It is a good thing that farmers are not usually in charge of marketing their production, because they have no grasp of the science of marketing, which begins with understanding your product.

Is milk “just milk” really?

First thing to understand—“milk” is the lacteal secretion of any mammalian female, for whom a recent birth event has stimulated her mammary glands to produce nature’s perfect food  (any food concentrated enough in nutrients and simple enough in digestibility to feed an infant is by definition a “perfect” food).     Thus, a sow produces milk, as does a horse, as does an elephant, as do the millions of water buffalo milked from the Mediterranean Sea to the Ganges River.

So the first, most obvious, and least defined aspect of the “dairy industry” is that, in the USA, the bovine is the dominant species.     Does this matter?    Yes, because for much of the world it is the egalitarian goat that is the primary source of milk for humans—cows are for eating, or hauling wagons, not low cost enough to feed to keep around just for a few gallons of milk.

The cow became ascendant in USA dairying because (1) we had the volume of arable land to deal with a larger animal, and (2) our earliest settlers came from the regions in Europe where the skill in domestication of cows for dairy existed.    Later (3) she became desirable as one of the markets our agriculture was developing for its favorite volume commodity, corn.

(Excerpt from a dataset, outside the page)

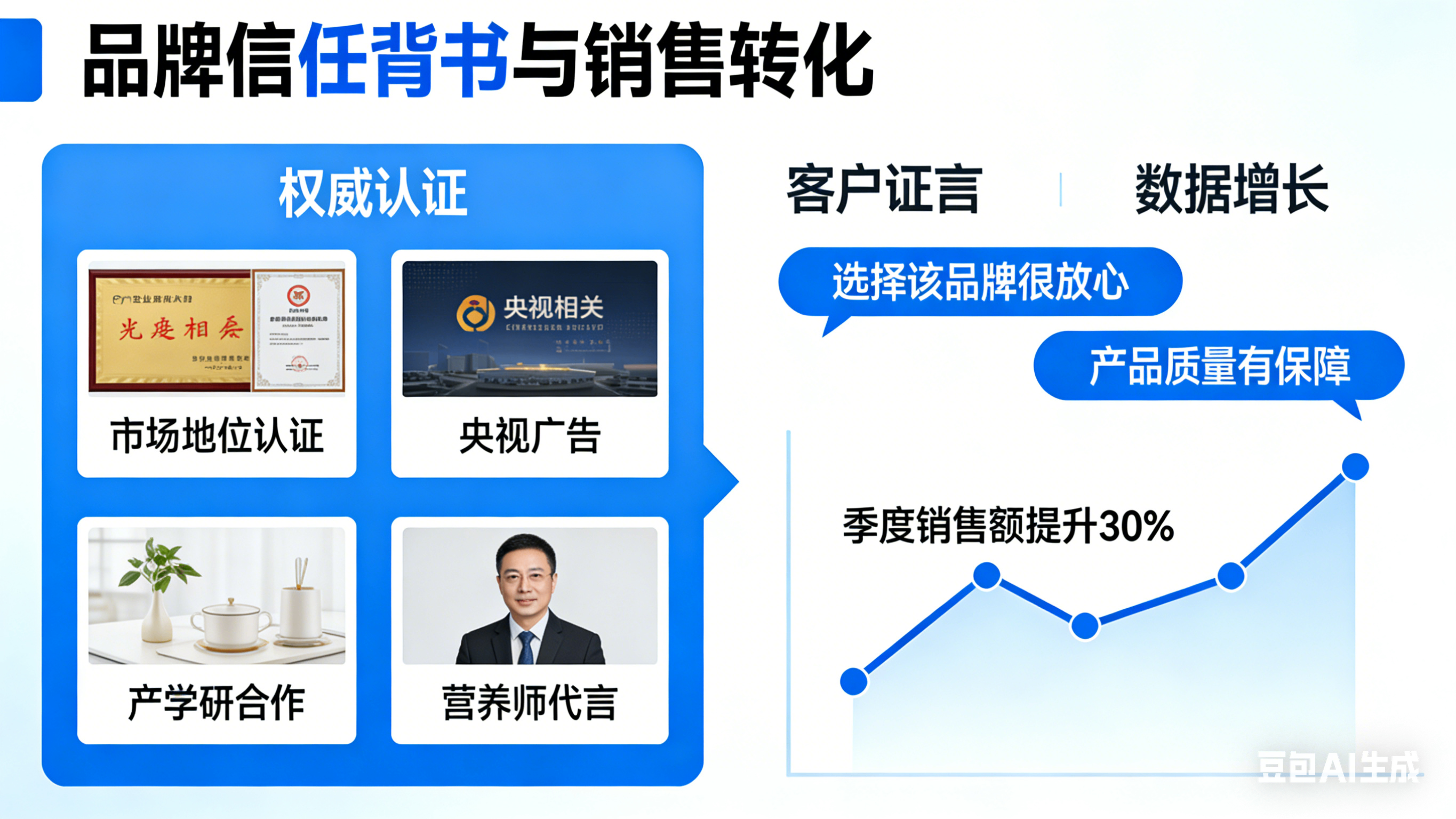 为什么品牌背书能直接撬动转化率?核心在于它精准击中了消费者、合作伙伴、渠道方的信任决策逻辑,解决了 “凭什么选你” 的核心问题,让品牌优势从 “自说自话” 变成 “权威佐证”。

Both species and breeds alter milk composition

Second thing to understand—and it has proved hard for producers to understand, because bitter battles were fought to acknowledge what nature has always made abundantly plain in the way in which the federal milk orders price the “value” of milk—is that the uniqueness of milk is in its components—its unequal blend of butterfat for energy, protein for fiber, and minerals for its electrolytic and vitamin transfer benefits.    Once the solids are removed from milk, its volume is just in its “water” carrier.    So it is more an issue of “water is just water” – once you start to add in butterfat, protein and mineral solids, milk can become quite variable indeed.

The Jersey cow, for example, in her genetic encoding tends to put 20% more calcium and 16% more phosphorus per volume in the milk she produces.    On average, she produces 25% more butterfat and 33% more protein per volume in the milk she produces.     Did it ever make any sense to stand a glass of Holstein milk beside a glass of Jersey milk, fresh from their respective cow, and insist that milk is just milk??    But that is what this otherwise knowledgeable and articulate producer from Utah is implying in his rant on the “Ag Web” blog.    It must then be admitted that he is wrong on two assertions—first, for being oblivious to species, and then for ignoring breed differences.    (He is not alone in this—dairymen milking breeds other than the ubiquitous Holstein have always had to fight for the focus of milk pricing to be on the content of milk nutrients, and their ability to recover money from the user market, rather than the size of their bulk tanks.)   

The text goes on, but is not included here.